UK's biggest fund managers drill into oil giants for returns

UK's biggest fund managers drill into oil giants for returns

Oil companies are catching the eyes of some of the UK's biggest fund managers.

Martin Walker, who runs the £1.2bn Invesco Perpetual UK Growth fund, is focusing on big oil companies for returns.

The Invesco Perpetual Growth Fund has returned 82 per cent over the past five years, compared with 62 per cent for the average fund in the IA UK All Companies sector in the same time period.

The oil companies Total, BP and Shell are the three largest investments in the fund.

Mr Walker said he is keen on the sector for two reasons.

The first is that, in his view, the biggest oil companies have done an excellent job of reducing costs, to the point where the dividend of BP is more fully covered by cashflow at oil's more recent price of $55 (£40.65) a barrell than it was at the more historic price of $100 (£73.98) a barrel.

The second reason cited by Walker for his optimism is the outlook for the US shale gas production market.

One of the reasons for the oil price decline in recent years has been the increased levels of output from the shale producers, leading to higher supply and lower prices.  

Shale gas refers to natural gas that is trapped within shale formations.
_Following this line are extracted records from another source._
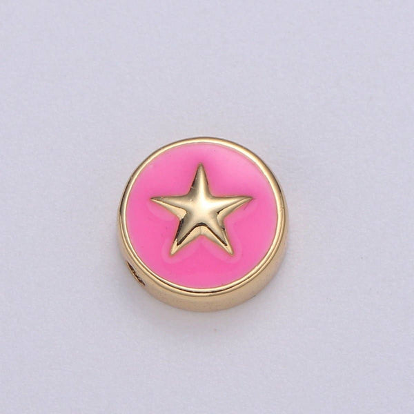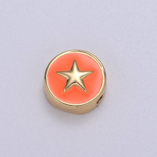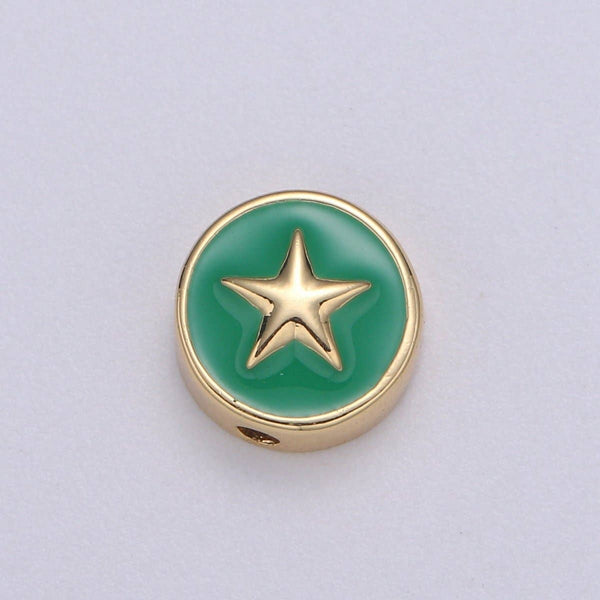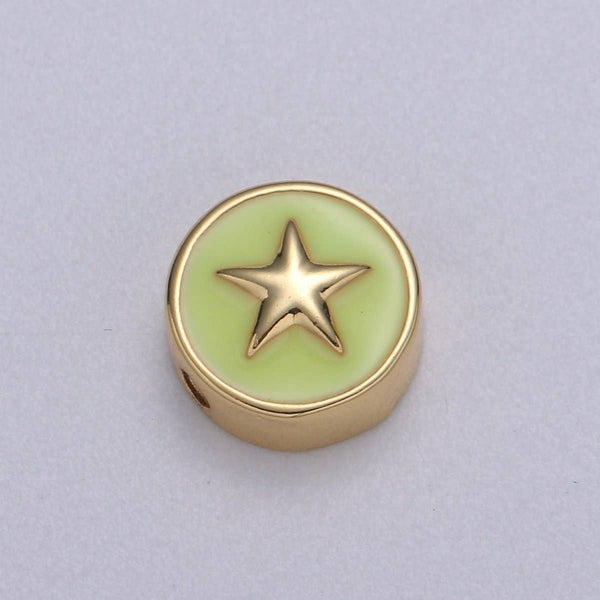 Round Enamel Tiny Gold Star - 24k Gold filled Round Beads - 10mm beads for bracelet making supply Celestial Jewelry making B-471 to B-475: White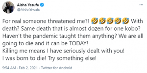 ”For real someone threatened me?! With death? Same death that is almost dozen for one kobo? Haven’t the pandemic taught them anything? We are all going to die and it can be TODAY! Killing me means I have seriously dealt with you! I was born to die! Try something else!”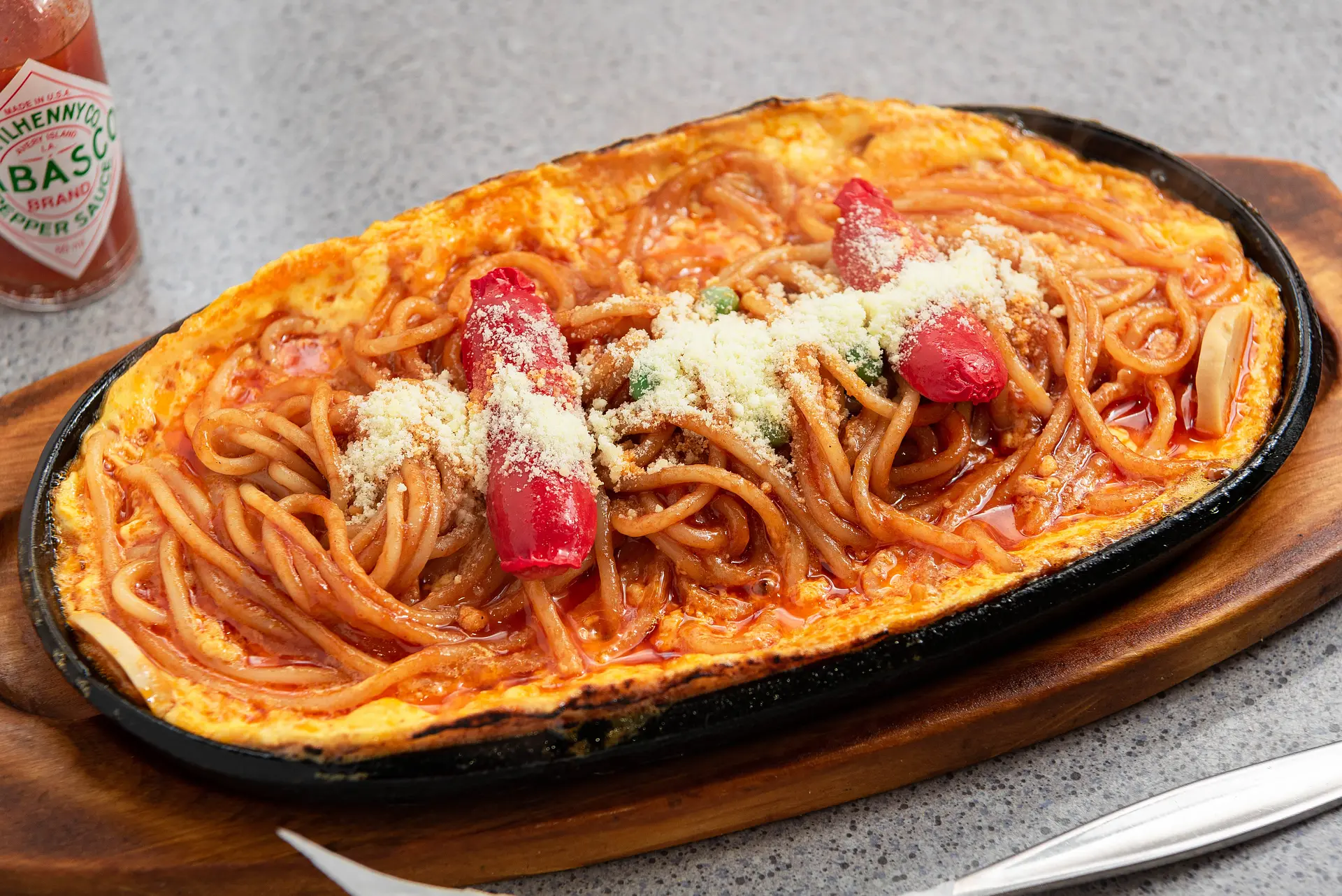 熱々の鉄板で提供される、喫茶モリの「モリスパ」!

Shales are fine-grained sedimentary rocks that can be rich sources of petroleum and natural gas.

Mr Walker’s view is that the market’s expectations for shale gas production in future are based on the industry continuing to improve the levels of efficiency in shale gas production. The fund manager said technological advance has been part of the growth of shale, but that data now shows the productivity of shale oil wells to have slowed.

He said slowing productivity would maintain the oil price at a higher level in the coming years, and boost the investment case for the oil majors.
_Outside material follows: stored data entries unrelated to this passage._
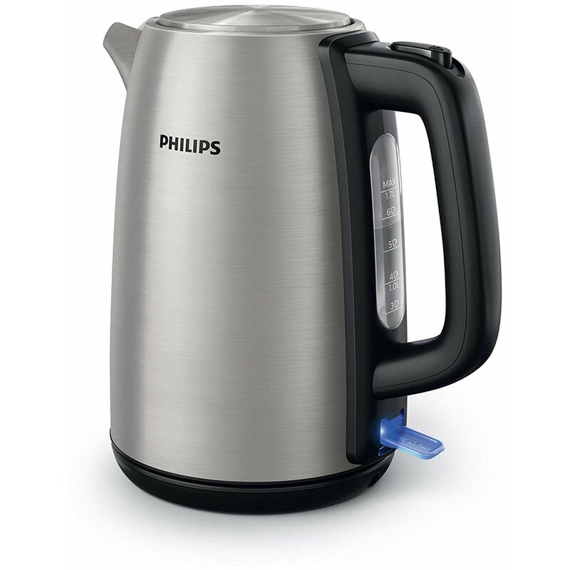 Philips Daily Collection Bollitore in metallo da 1,7 l con spia e coperchio a molla. Capacità tanica acqua: 1,7 L. Potenza: 2200 W. Colore del prodotto: Acciaio inossidabile, Materiale della scocca: Acciaio inossidabile, Polipropilene (PP), Indicatore del livello dell'acqua. Senza filo. Filtro
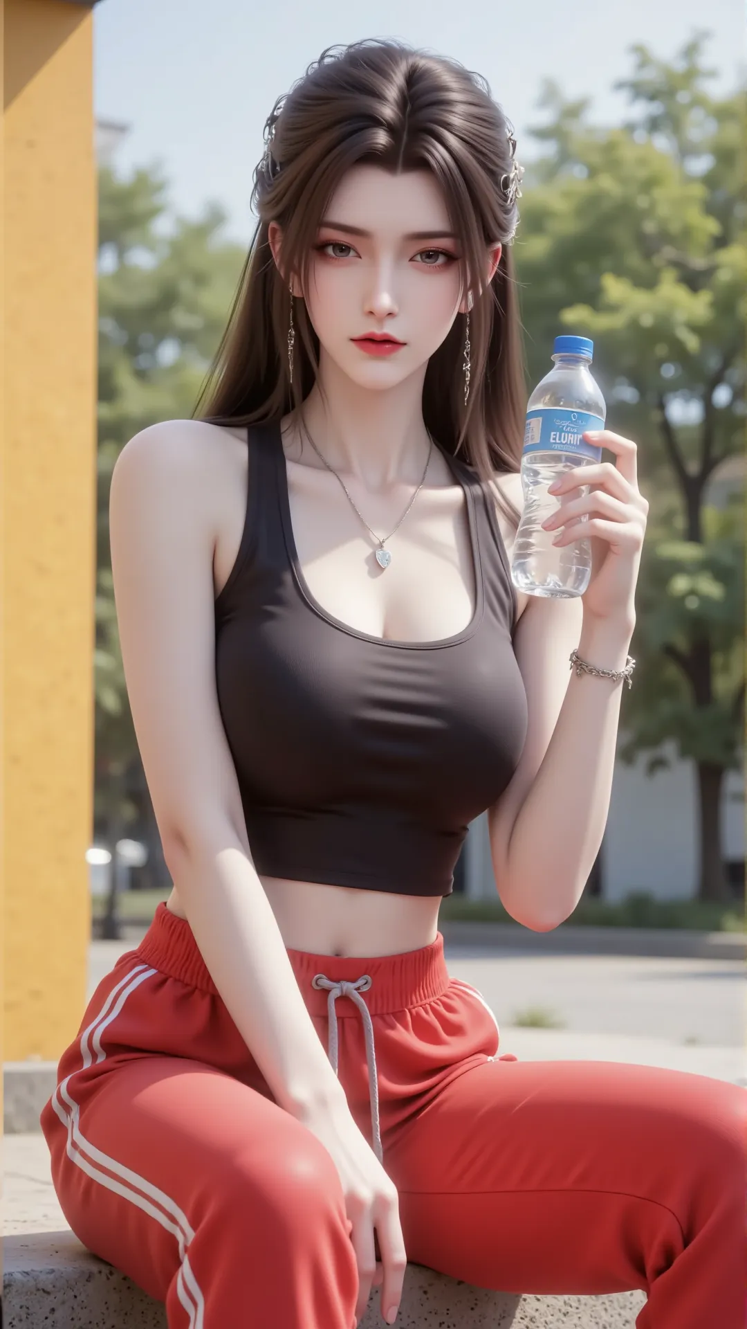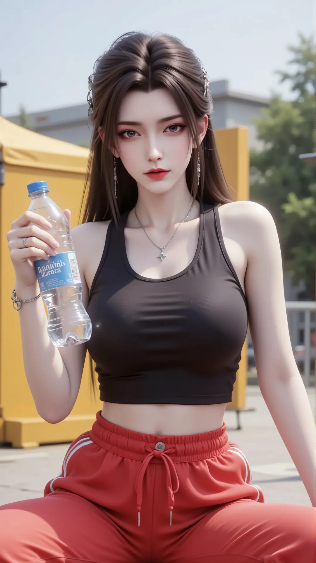 晴光漫过檐角,暖风轻拂玉容,陆雪琪静坐阶前,恍若青云仙娥卸剑归尘。玄色挂肩短衫衬得雪肌胜玉,腰腹线条如琢如磨;朱红运动裤勾勒利落身段,长发高束,银饰发簪轻摇,漾出细碎流光。她手执清瓶,指尖轻握瓶身,那双眼眸,是淬了寒星的琉璃,藏着青云门的清冷孤高,又含着人间烟火的温柔缱绻,一眼望去,便叫阶下生色,草木含情。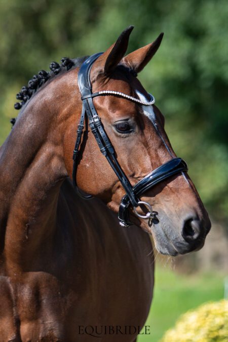 - Speciaal gevormde hoge neusriem, deze loopt taps toe zodat er ruimte is voor het bit en de uittredende zenuw boven de neusriem. De neusriem is onderlegd met super soft leder.

Simon Gergel, who runs the £688m Merchants Investment Trust, is another investor keen on the oil sector.

He said based on the current dividend yields and the ability of those companies to pay the dividend from the cash they generate means the shares are “cheap”.
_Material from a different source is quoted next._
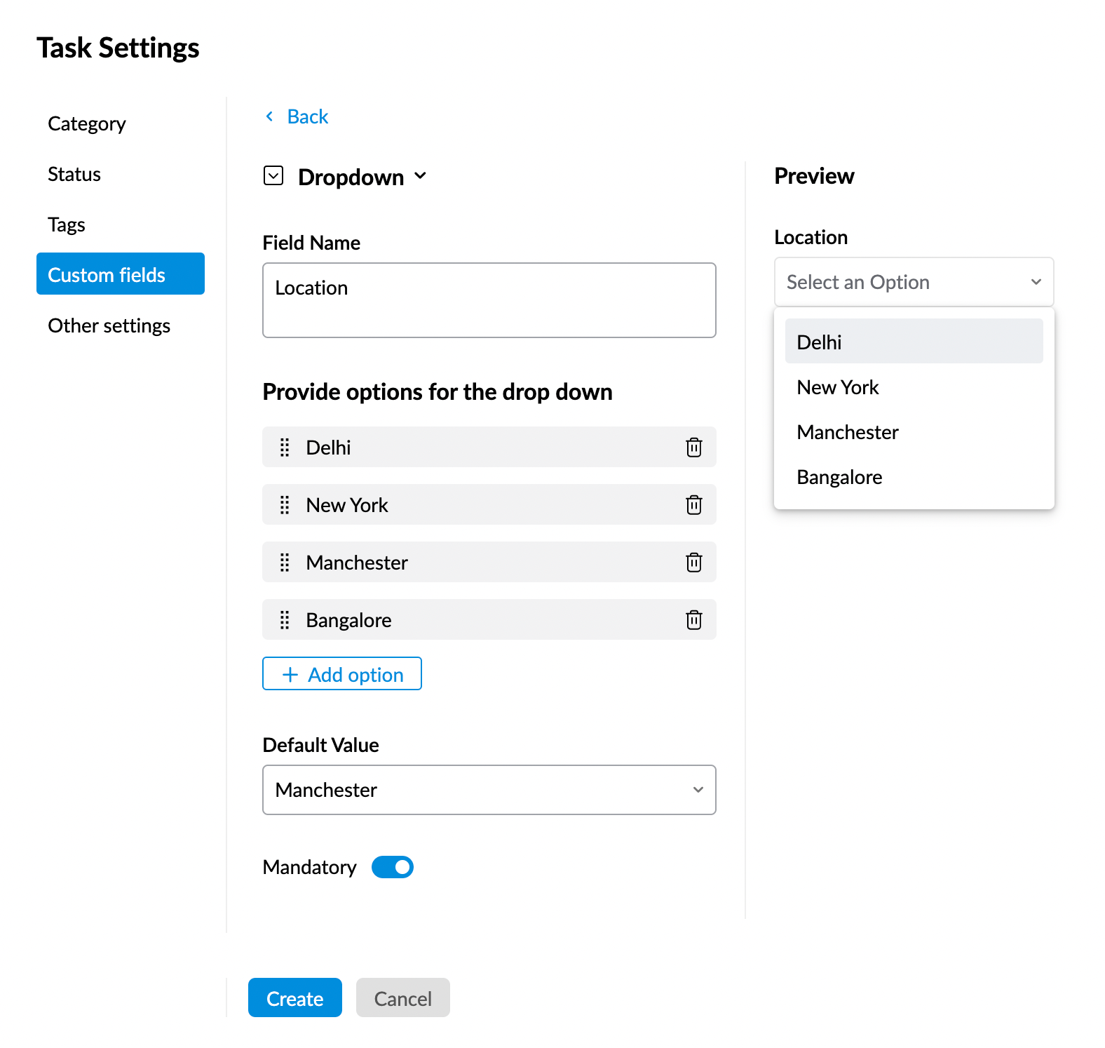 - You can make the Custom field mandatory for the users to fill during task creation by enabling the Mandatory toggle.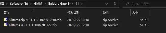 3、如果遇到這個問題需要將壓縮包拖入管理器中,這樣就會正常自動的識別到mod類型。

Shell shares are the largest individual investment in the Merchants Trust.

Job Curtis, who runs the £1.5bn City of London Investment Trust, is confident about the prospects for the oil majors, believing the oil price is stable and the companies are managing costs well.

At present, part of the dividend paid by Shell is a scrip dividend, which means investors receive additional shares in the company to the value of the dividend, rather than receiving the cash amount.

Mr Curtis said if the company continues to progress as it is, the dividend could become all cash, and that would boost the investment case for the shares further.

Shell accounts for 4.7 per cent of the assets of the City of London Investment trust, making it the largest holding in the trust.